Il y a une quinzaine de jours, mon père a passé un moment très difficile avec ma mère qui est de plus en plus souvent entêtée et agressive, notamment lorsqu’elle doit aller en ville pour des vêtements, le vaccin… Et là, elle a carrément refusé d’aller chez la coiffeuse. Jusque-là, quand elle refusait, mon père m’appelait et j’arrivais à la faire changer d’avis, mais là, rien à faire. Fromfrom a pu contacter une personne qui va passer voir mes parents pour mettre en place de nouvelles choses, mais je me demande à quel point cela soulagerait mon père.
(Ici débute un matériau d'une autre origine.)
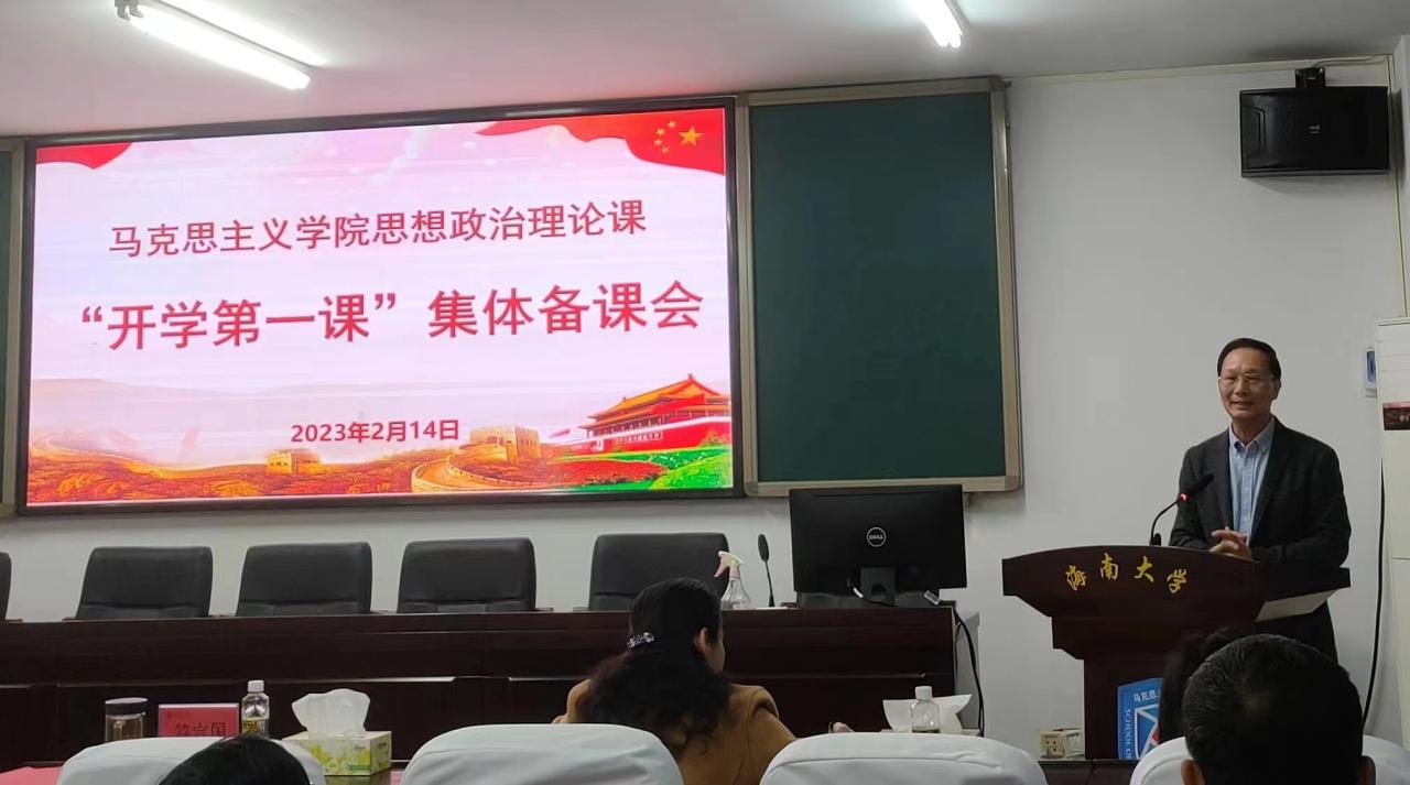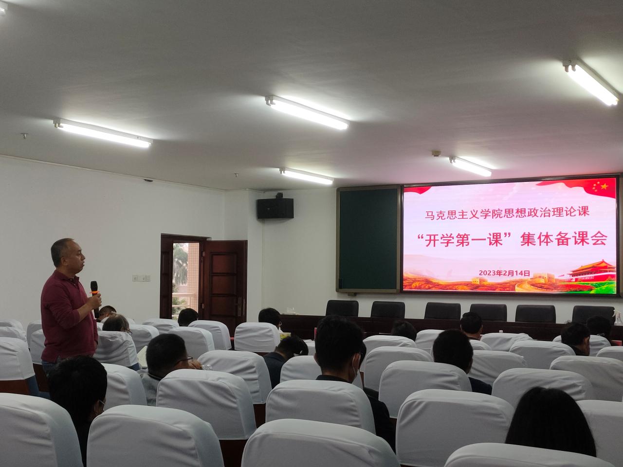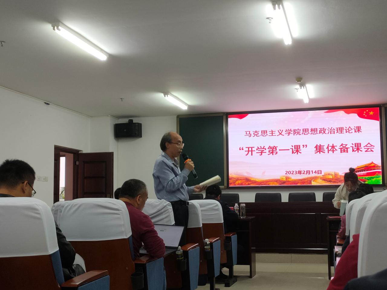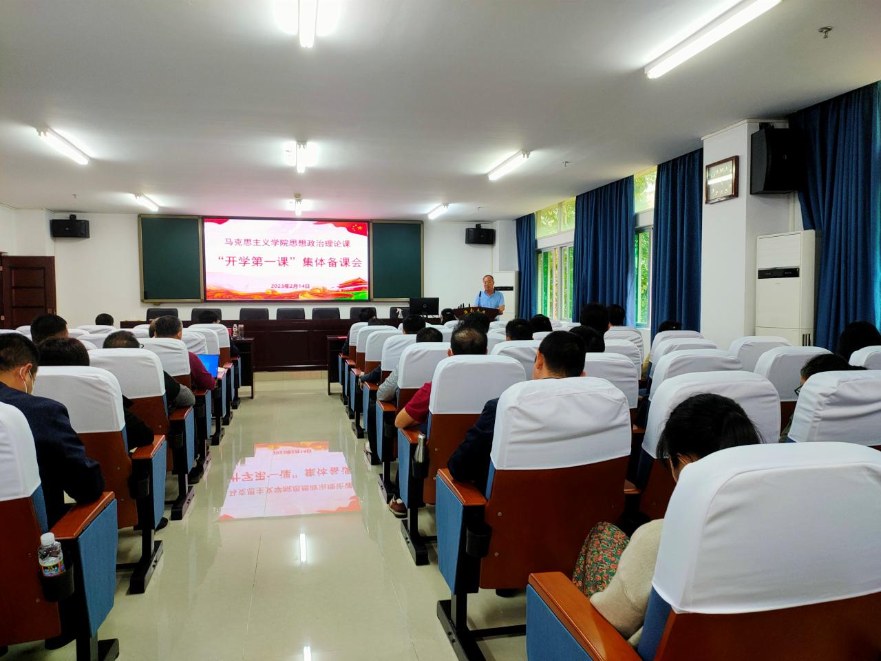 2023年2月14日下午,为深入学习宣传贯彻党的二十大精神,更好地发挥思政课在落实立德树人根本任务中的关键作用,进一步提升思政课教学质量,德赢AC米兰中国官方网站召开思想政治理论课“开学第一课”集体备课会。校党委书记符宣国、校党委常委、副校长梁谋、校党委常委、宣传部部长韩淑梅出席;学院领导班子、全体思政课专任教师和书院“形势和政策”课部分教师参加。学院教学督导委员会主任、学院教学委员会副主任贺尧夫老师主持。

Car bien entendu, il faut la surveiller sans cesse (médicaments, lavage, habillage…). D’autant que la nouvelle aide-ménagère de 66 ans (vive Macaron) n’a pas beaucoup d’idées et est peu alerte ou efficace par rapport à l’ancienne non vaccinée.

27 juin 2022

Brèves cornusiennes du lundi 27 juin 2022

Fromfrom a repris aujourd’hui le travail, donc sept jours à peine après les premiers symptômes et cinq jours après avoir été positive. Elle est revenue sur les rotules, sans mauvais jeu de mots. Heureusement qu’elle ne retravaille pas avant vendredi à présent.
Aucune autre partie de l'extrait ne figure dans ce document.